In support of the conspiracy claim, All Pieces Fit alleges that Ellis and BrightKyte
coordinated with TimePayment to obtain money from TimePayment in exchange for getting
companies, such as All Pieces Fit, to enter into Software Use Agreements. Id. ¶ 18.
TimePayment knew or should have known that BrightKyte was not capable of providing the
promised services, yet it encouraged BrightKyte and Ellis to enter into the Software Use
Agreement with All Pieces Fit in exchange for a payment to BrightKyte. Id. ¶ 38. Once
BrightKyte fraudulently induced All Pieces Fit to enter into the Software Use Agreement,
BrightKyte would assign the agreement to TimePayment in exchange for a lump-sum payment.

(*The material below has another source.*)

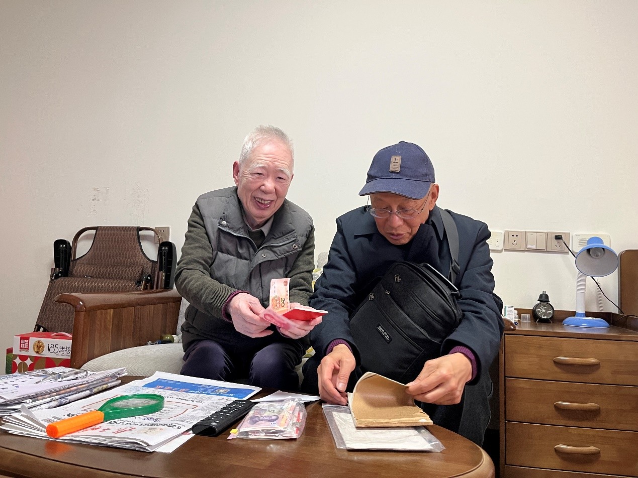 杭叔淼老师开心地把党费交给来看望他的吴平老师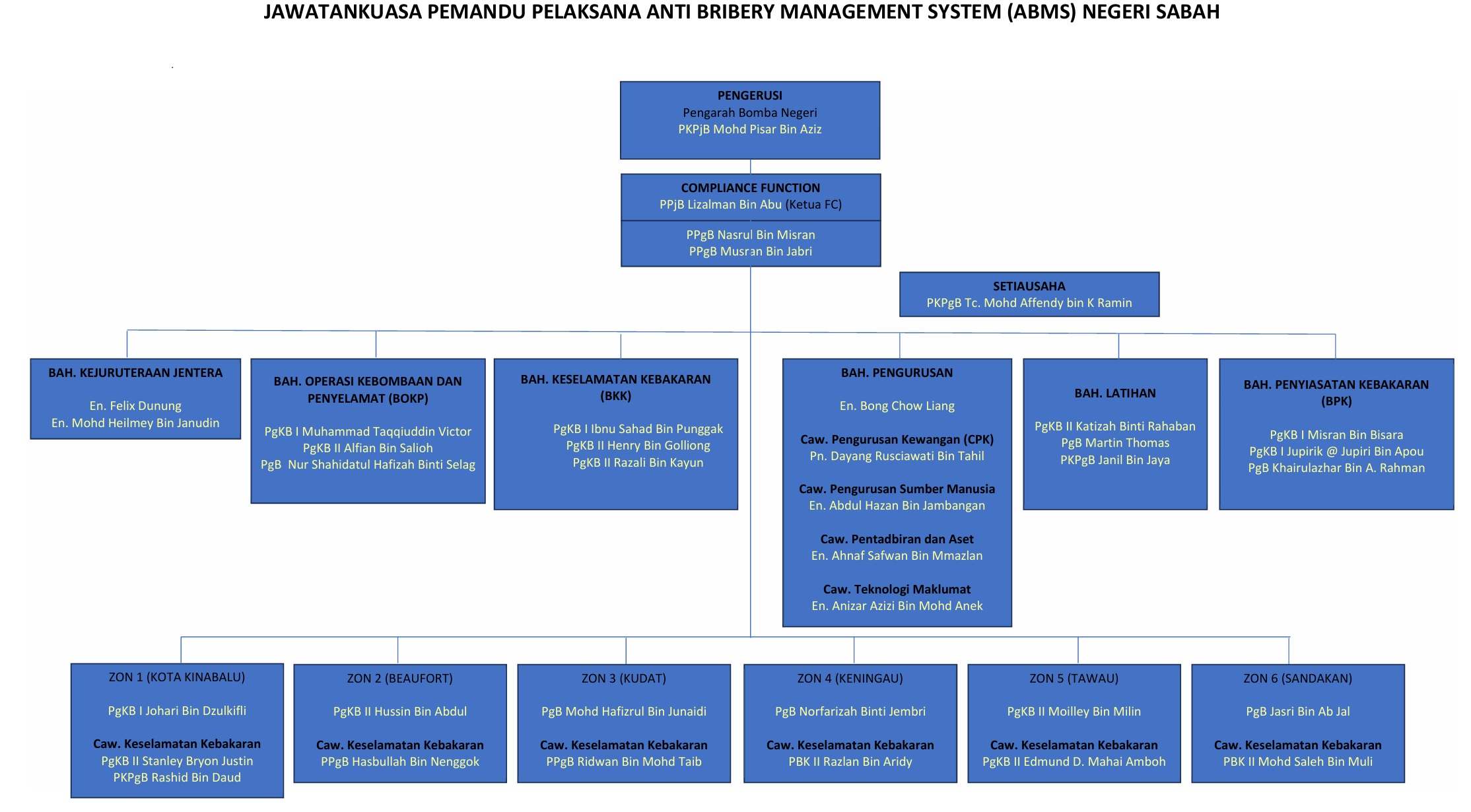 Carta Organisasi Pemandu ABMS JBPM Negeri Sabah Introduction to ABMS | Committee Organization Chart | Integrity Policy & Anti-Corruption Policy | Mileage Chart | Posters | Frequently Asked Questions | Report Misconduct | Video Pesanan Integriti

Id. ¶ 39. TimePayment would then collect money from All Pieces Fit, even though neither
BrightKyte nor TimePayment could or would provide the promised software. Id. ¶ 40.
ANALYSIS
TimePayment seeks dismissal of All Pieces Fit’s counterclaims for breach of contract and
conspiracy to commit fraud pursuant to Rule 12(b)(6) for failure to state a claim.
A.
Breach of Contract (Count III)
Under Indiana law, “[t]he essential elements of a breach of contract action are the
existence of a contract, the defendant’s breach thereof, and damages.” Berg v. Berg, 170 N.E.3d
224, 231 (Ind. 2021). The interpretation of a written contract is a question of law. Dunn v.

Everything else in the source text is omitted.